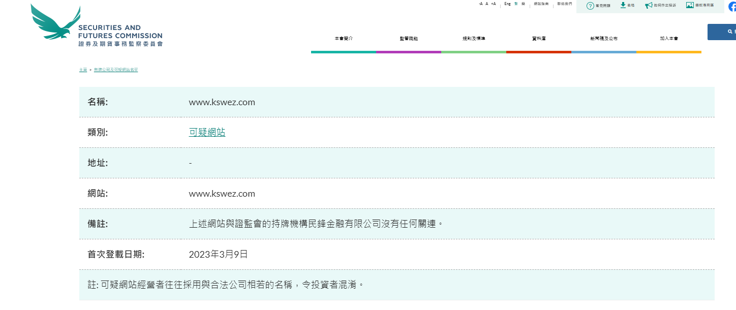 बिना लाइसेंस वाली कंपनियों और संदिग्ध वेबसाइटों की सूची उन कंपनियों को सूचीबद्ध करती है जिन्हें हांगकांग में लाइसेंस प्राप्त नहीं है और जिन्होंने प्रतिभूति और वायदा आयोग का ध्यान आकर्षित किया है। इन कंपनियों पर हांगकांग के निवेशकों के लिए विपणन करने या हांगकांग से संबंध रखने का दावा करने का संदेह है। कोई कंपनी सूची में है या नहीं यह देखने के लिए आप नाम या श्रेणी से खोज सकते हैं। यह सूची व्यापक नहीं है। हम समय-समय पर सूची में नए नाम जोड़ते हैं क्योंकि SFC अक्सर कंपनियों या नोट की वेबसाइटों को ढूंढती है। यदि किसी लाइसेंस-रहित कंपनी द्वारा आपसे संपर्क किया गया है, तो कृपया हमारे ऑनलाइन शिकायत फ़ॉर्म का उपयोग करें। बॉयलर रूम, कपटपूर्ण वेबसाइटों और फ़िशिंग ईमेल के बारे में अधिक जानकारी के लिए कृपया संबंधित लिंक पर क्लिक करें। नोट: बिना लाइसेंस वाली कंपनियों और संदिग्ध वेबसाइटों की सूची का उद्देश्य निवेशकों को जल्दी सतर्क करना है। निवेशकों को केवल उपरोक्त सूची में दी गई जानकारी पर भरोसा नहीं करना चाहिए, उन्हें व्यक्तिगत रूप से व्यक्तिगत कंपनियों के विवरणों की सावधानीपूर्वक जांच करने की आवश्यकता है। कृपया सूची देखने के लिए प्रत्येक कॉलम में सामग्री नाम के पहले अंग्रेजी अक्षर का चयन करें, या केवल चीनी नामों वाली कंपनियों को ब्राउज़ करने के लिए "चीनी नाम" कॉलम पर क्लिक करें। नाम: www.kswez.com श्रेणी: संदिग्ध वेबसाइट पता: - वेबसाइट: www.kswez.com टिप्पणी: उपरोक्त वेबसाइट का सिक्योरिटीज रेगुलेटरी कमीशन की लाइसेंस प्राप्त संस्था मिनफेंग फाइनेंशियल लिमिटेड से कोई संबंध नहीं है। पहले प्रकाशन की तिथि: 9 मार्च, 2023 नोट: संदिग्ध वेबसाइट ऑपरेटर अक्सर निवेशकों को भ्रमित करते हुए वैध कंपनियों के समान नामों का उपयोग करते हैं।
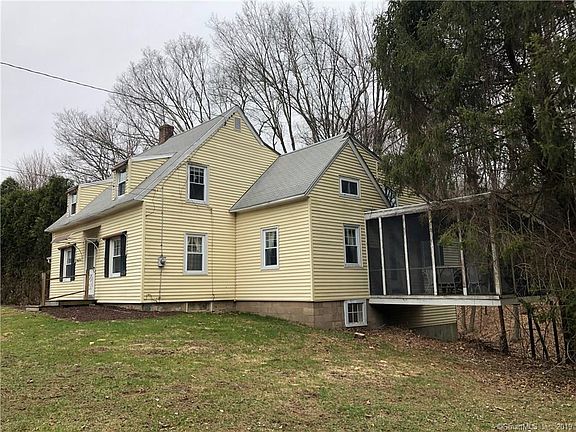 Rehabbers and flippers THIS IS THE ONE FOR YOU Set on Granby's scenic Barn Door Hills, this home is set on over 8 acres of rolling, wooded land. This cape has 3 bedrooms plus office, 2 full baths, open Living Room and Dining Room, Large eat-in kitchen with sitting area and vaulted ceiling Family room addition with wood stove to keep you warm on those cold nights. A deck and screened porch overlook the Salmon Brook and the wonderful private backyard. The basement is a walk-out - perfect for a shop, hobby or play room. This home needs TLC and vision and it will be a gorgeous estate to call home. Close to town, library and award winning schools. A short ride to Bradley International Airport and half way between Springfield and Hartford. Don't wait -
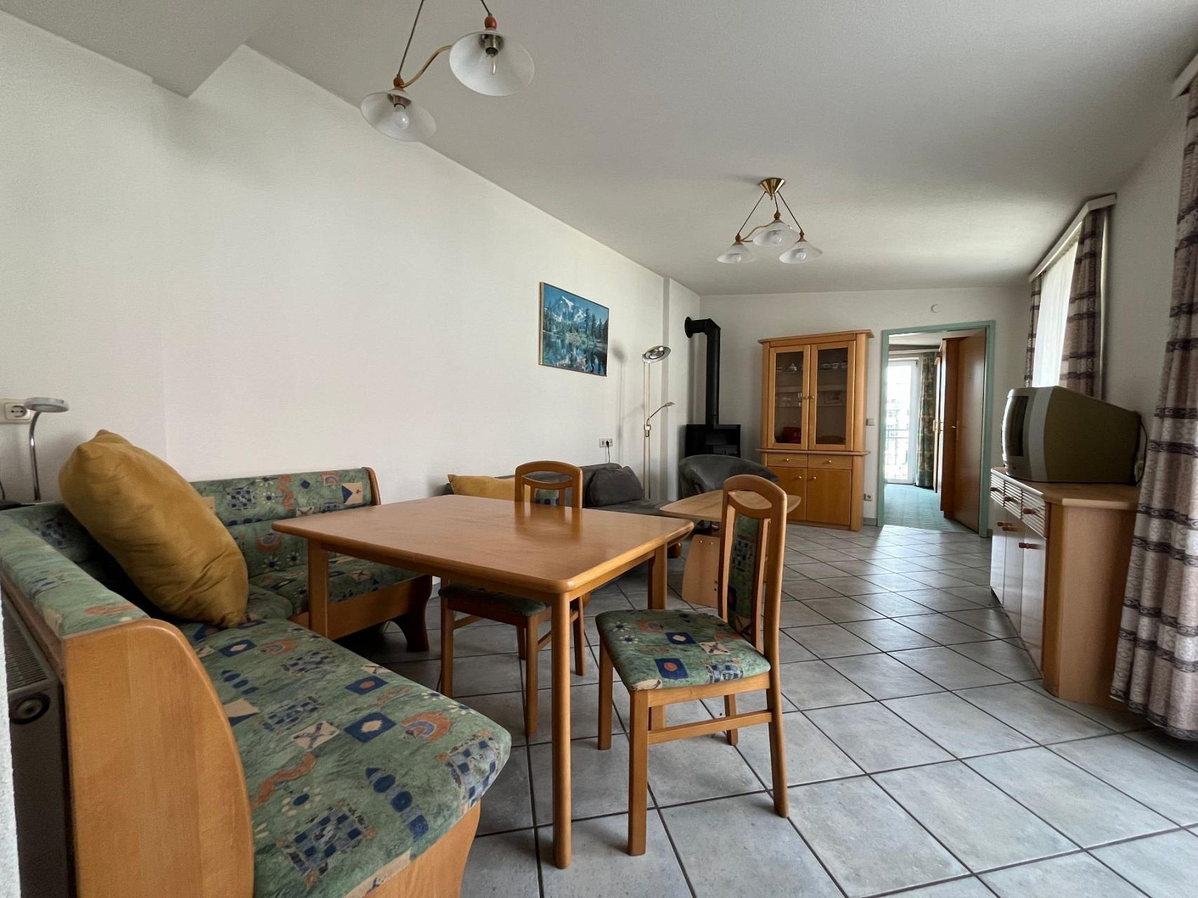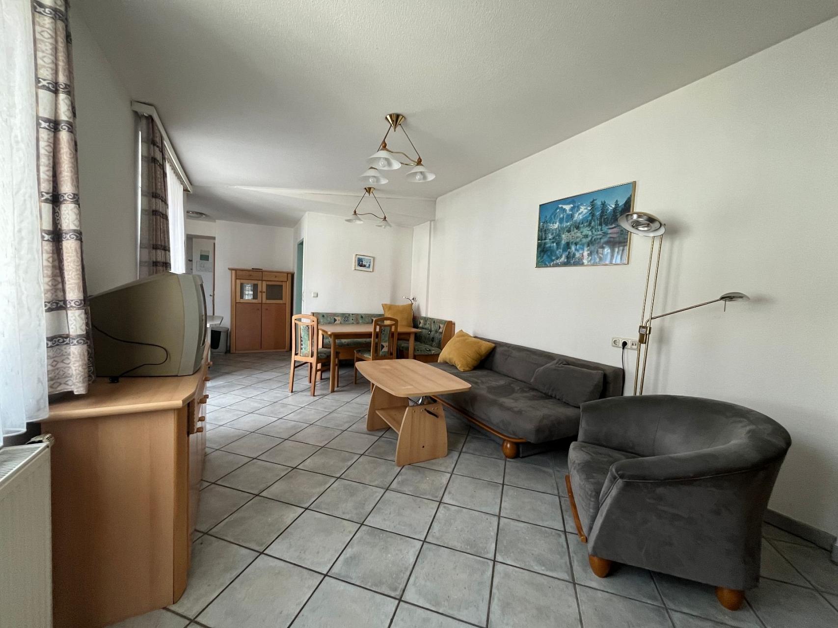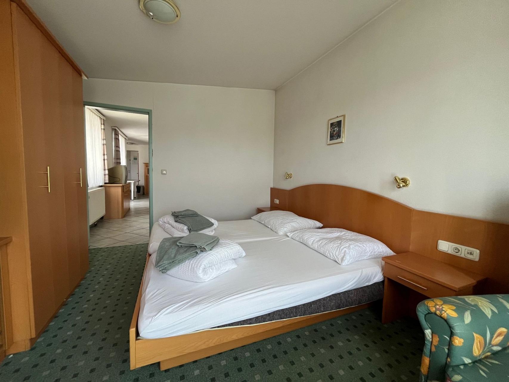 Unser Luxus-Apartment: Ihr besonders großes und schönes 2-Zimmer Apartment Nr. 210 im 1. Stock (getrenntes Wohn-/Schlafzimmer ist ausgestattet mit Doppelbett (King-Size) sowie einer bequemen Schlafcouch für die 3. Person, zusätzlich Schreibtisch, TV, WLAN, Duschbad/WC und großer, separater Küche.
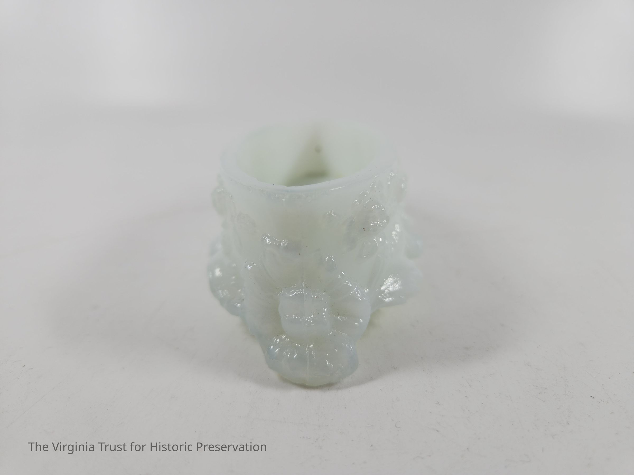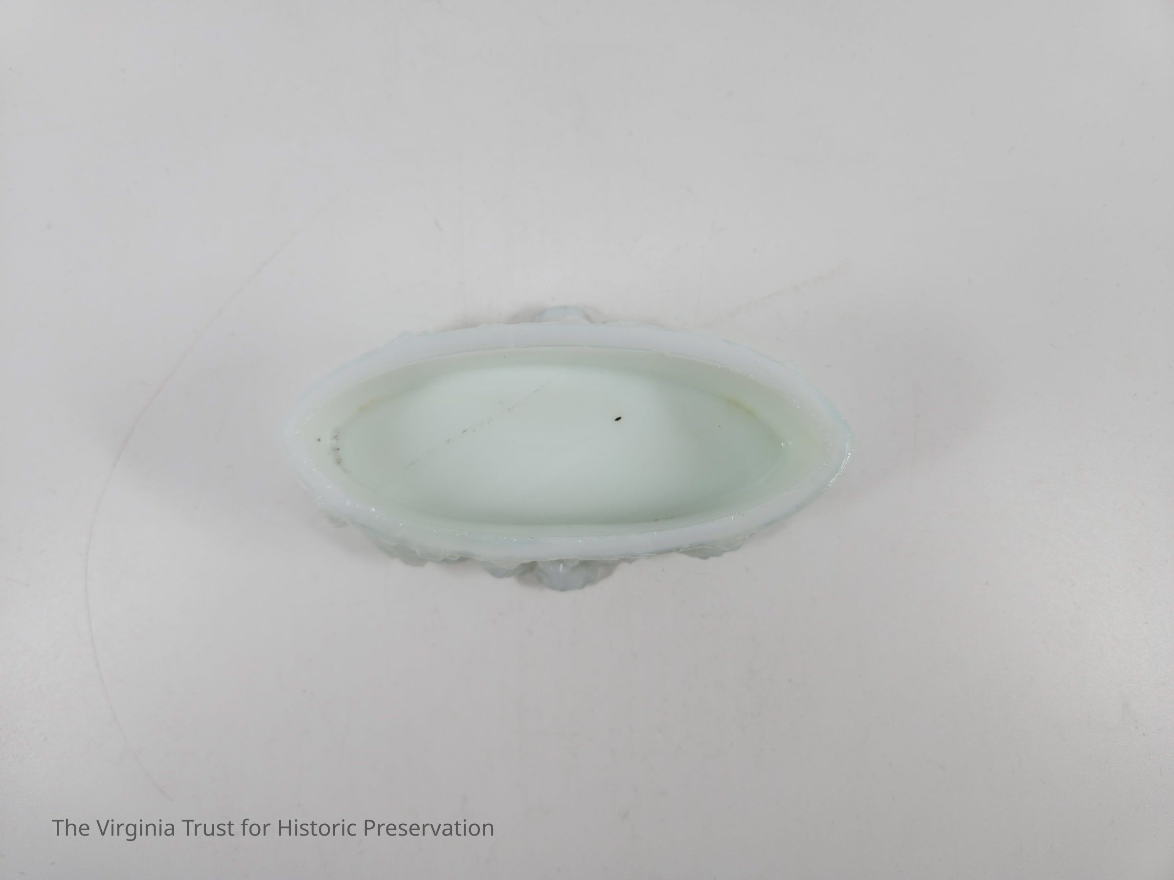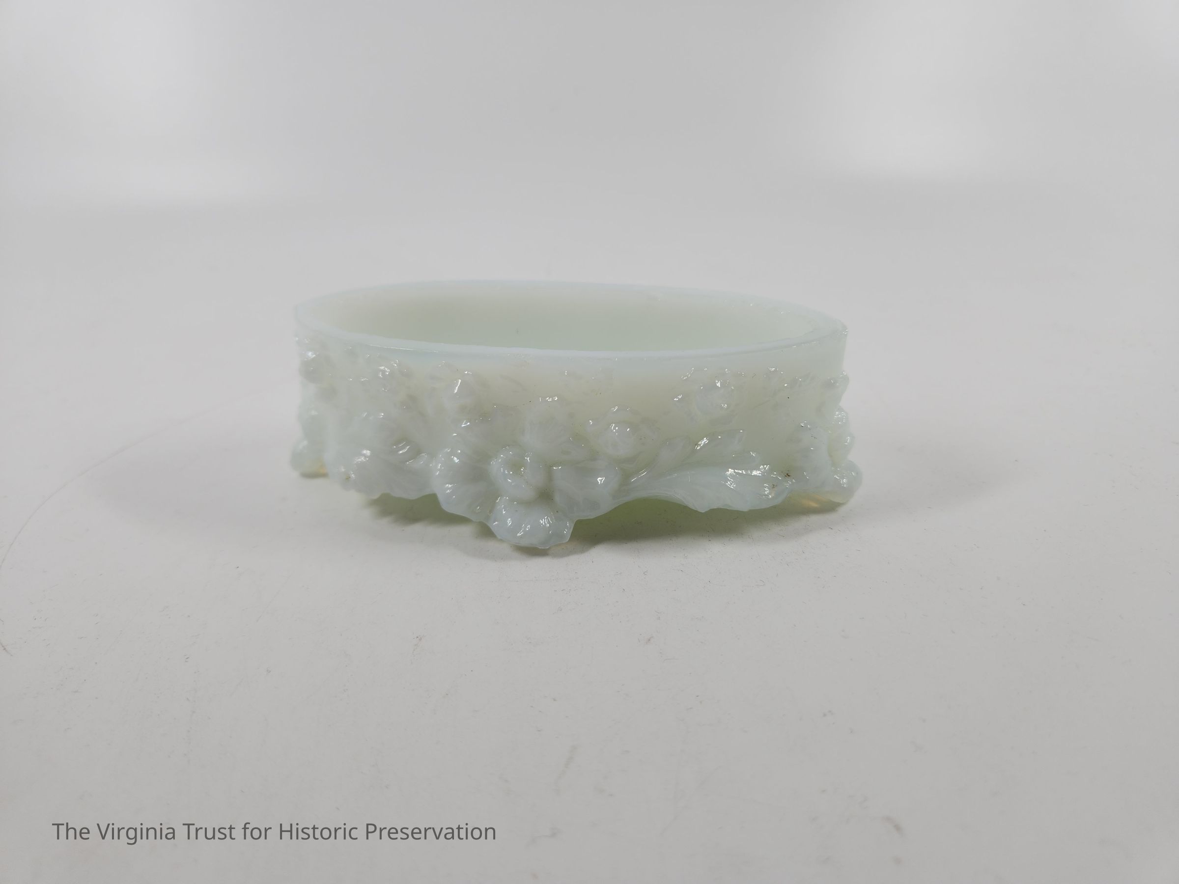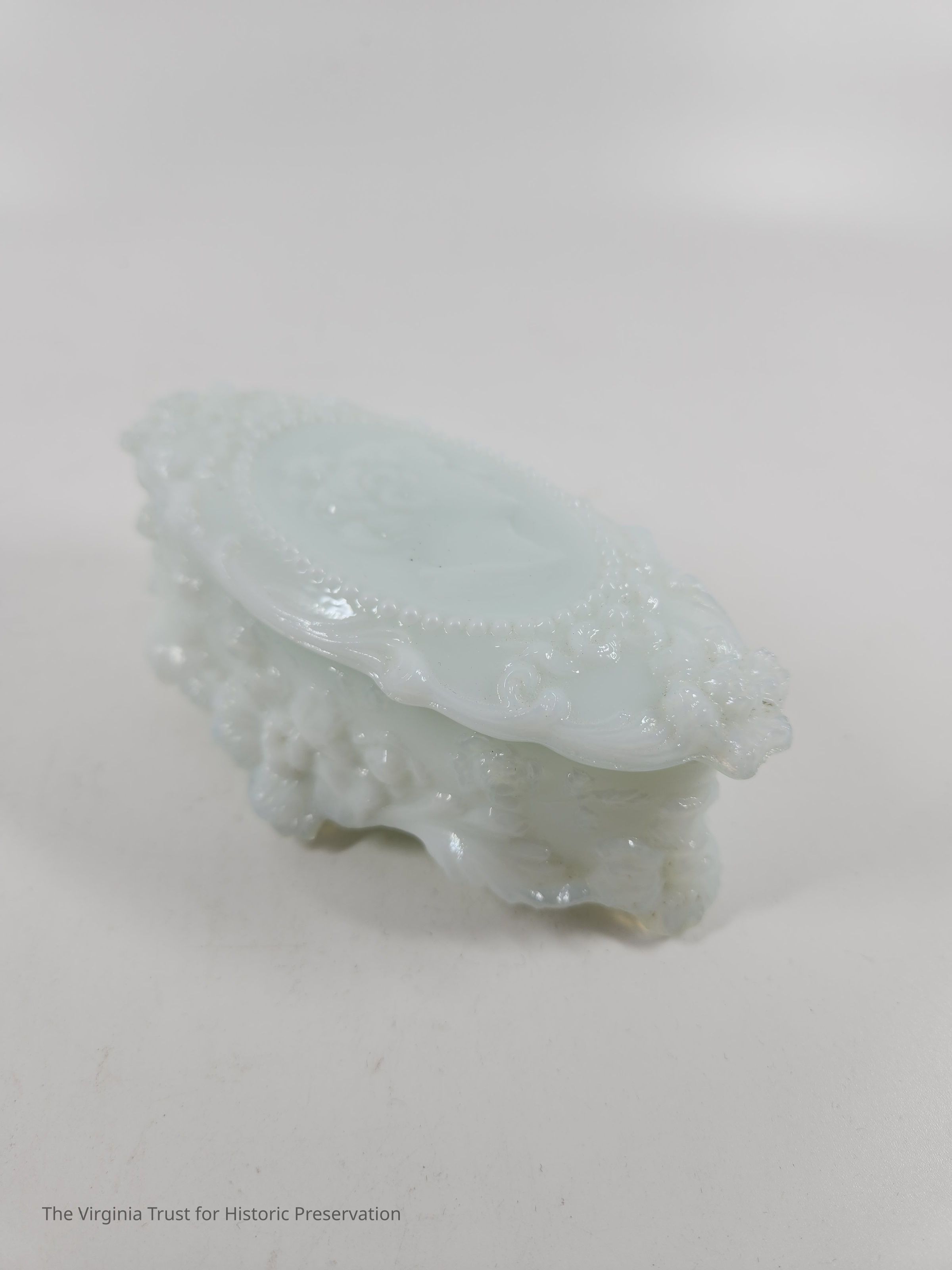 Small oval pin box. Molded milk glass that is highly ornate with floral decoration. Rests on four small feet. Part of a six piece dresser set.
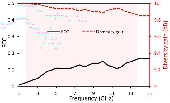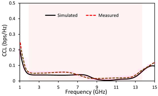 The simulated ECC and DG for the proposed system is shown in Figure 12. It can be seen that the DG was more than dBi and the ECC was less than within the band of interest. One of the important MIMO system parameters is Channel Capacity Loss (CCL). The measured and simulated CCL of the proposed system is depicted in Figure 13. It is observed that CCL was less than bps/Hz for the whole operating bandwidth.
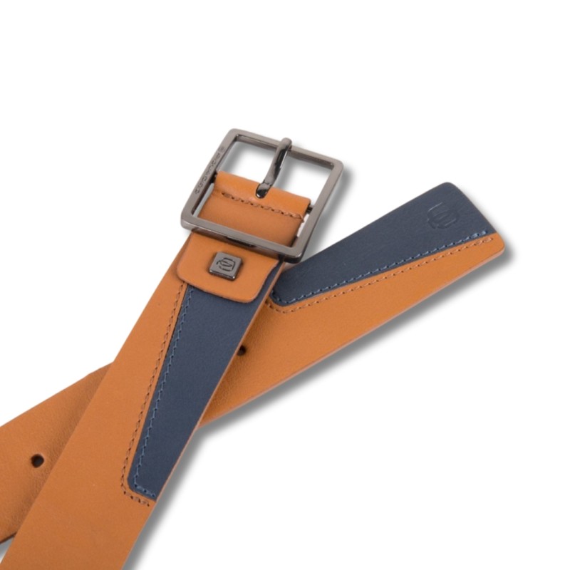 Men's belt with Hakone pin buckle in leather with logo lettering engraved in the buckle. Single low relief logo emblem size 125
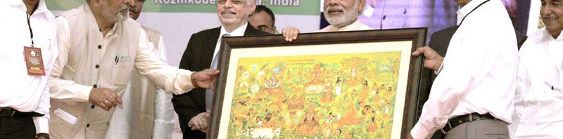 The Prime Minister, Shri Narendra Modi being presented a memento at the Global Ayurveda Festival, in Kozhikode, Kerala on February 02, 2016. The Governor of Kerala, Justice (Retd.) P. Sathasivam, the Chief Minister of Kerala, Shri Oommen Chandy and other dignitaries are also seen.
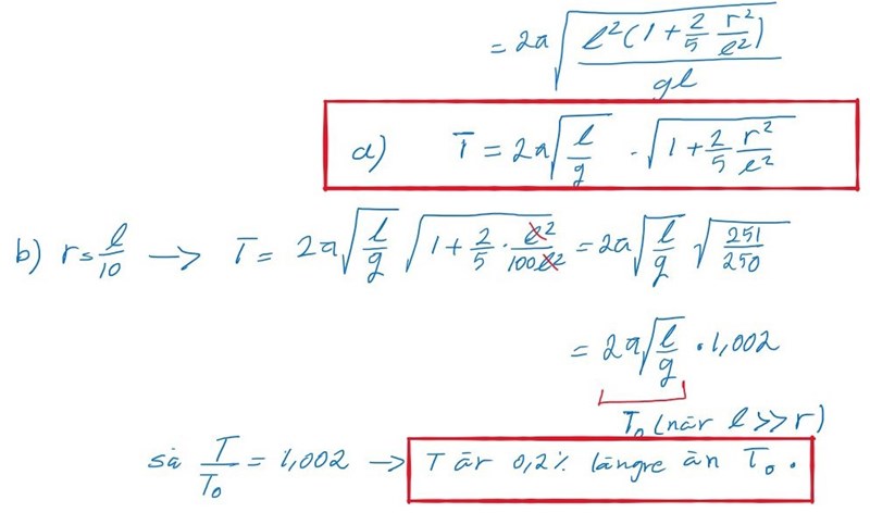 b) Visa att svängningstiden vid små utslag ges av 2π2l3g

> _YOUR GOAL_: Repeat exactly the lines from the one containing "Men's belt with" through the last line of the records above, both included, and leave out the pictures.

> _ANSWER SPACE_:
 Men's belt with Hakone pin buckle in leather with logo lettering engraved in the buckle. Single low relief logo emblem size 125
 The Prime Minister, Shri Narendra Modi being presented a memento at the Global Ayurveda Festival, in Kozhikode, Kerala on February 02, 2016. The Governor of Kerala, Justice (Retd.) P. Sathasivam, the Chief Minister of Kerala, Shri Oommen Chandy and other dignitaries are also seen.
 b) Visa att svängningstiden vid små utslag ges av 2π2l3g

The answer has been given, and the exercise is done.